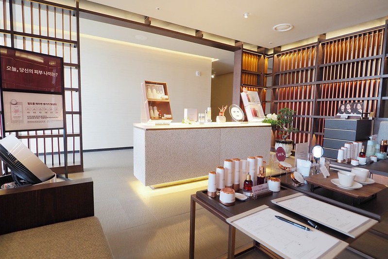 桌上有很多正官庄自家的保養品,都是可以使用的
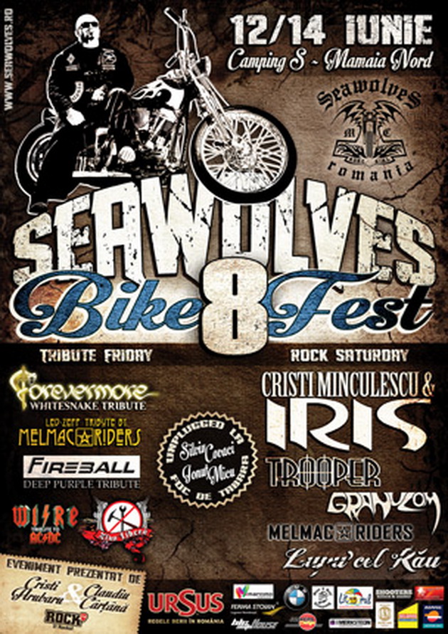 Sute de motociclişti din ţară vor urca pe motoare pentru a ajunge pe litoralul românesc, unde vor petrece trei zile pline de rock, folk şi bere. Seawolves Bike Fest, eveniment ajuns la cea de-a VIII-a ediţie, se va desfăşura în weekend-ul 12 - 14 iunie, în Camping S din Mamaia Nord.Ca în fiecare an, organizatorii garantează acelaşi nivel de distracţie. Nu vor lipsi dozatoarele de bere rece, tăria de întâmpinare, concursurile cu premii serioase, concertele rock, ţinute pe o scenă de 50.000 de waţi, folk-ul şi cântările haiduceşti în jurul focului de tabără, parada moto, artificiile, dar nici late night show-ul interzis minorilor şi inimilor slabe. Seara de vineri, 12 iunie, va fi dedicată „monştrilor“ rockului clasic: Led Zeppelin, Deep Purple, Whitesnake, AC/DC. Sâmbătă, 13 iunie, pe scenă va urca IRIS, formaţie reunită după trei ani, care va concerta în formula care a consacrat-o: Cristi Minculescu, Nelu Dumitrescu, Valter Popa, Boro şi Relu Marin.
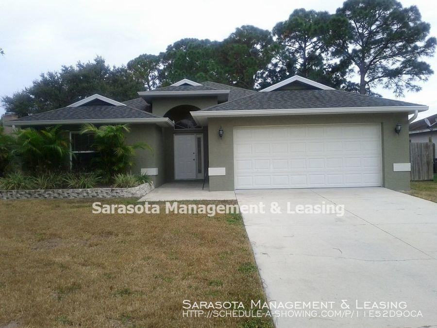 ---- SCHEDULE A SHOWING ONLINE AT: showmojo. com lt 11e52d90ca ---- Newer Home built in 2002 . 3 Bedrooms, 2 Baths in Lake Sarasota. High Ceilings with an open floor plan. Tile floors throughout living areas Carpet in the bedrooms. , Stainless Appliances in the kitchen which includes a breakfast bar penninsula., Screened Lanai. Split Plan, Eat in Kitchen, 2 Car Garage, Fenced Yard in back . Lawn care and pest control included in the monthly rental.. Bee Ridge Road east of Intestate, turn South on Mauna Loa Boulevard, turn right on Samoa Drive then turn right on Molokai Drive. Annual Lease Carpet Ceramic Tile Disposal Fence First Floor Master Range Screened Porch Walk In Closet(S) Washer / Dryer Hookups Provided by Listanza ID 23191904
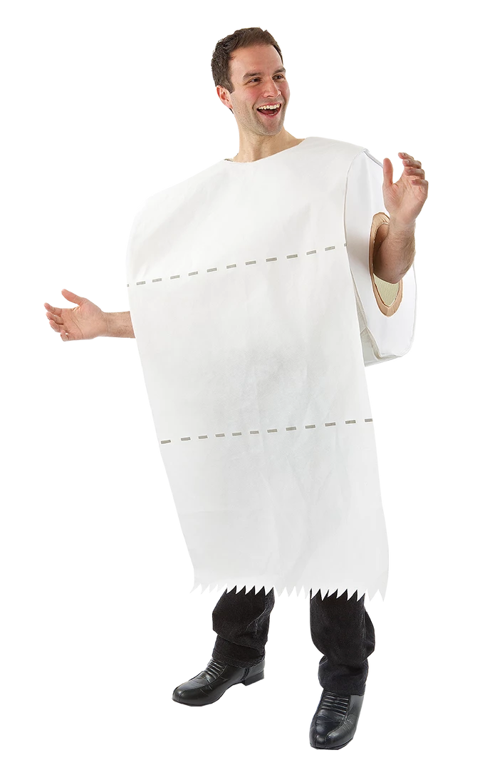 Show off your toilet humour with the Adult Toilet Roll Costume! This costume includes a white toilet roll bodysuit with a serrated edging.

# # # #

» **Brief**:
Reproduce every line of the data above, exactly as it stands, but not the pictures.

» **Result for this task**:
 桌上有很多正官庄自家的保養品,都是可以使用的
 Sute de motociclişti din ţară vor urca pe motoare pentru a ajunge pe litoralul românesc, unde vor petrece trei zile pline de rock, folk şi bere. Seawolves Bike Fest, eveniment ajuns la cea de-a VIII-a ediţie, se va desfăşura în weekend-ul 12 - 14 iunie, în Camping S din Mamaia Nord.Ca în fiecare an, organizatorii garantează acelaşi nivel de distracţie. Nu vor lipsi dozatoarele de bere rece, tăria de întâmpinare, concursurile cu premii serioase, concertele rock, ţinute pe o scenă de 50.000 de waţi, folk-ul şi cântările haiduceşti în jurul focului de tabără, parada moto, artificiile, dar nici late night show-ul interzis minorilor şi inimilor slabe. Seara de vineri, 12 iunie, va fi dedicată „monştrilor“ rockului clasic: Led Zeppelin, Deep Purple, Whitesnake, AC/DC. Sâmbătă, 13 iunie, pe scenă va urca IRIS, formaţie reunită după trei ani, care va concerta în formula care a consacrat-o: Cristi Minculescu, Nelu Dumitrescu, Valter Popa, Boro şi Relu Marin.
 ---- SCHEDULE A SHOWING ONLINE AT: showmojo. com lt 11e52d90ca ---- Newer Home built in 2002 . 3 Bedrooms, 2 Baths in Lake Sarasota. High Ceilings with an open floor plan. Tile floors throughout living areas Carpet in the bedrooms. , Stainless Appliances in the kitchen which includes a breakfast bar penninsula., Screened Lanai. Split Plan, Eat in Kitchen, 2 Car Garage, Fenced Yard in back . Lawn care and pest control included in the monthly rental.. Bee Ridge Road east of Intestate, turn South on Mauna Loa Boulevard, turn right on Samoa Drive then turn right on Molokai Drive. Annual Lease Carpet Ceramic Tile Disposal Fence First Floor Master Range Screened Porch Walk In Closet(S) Washer / Dryer Hookups Provided by Listanza ID 23191904
 Show off your toilet humour with the Adult Toilet Roll Costume! This costume includes a white toilet roll bodysuit with a serrated edging.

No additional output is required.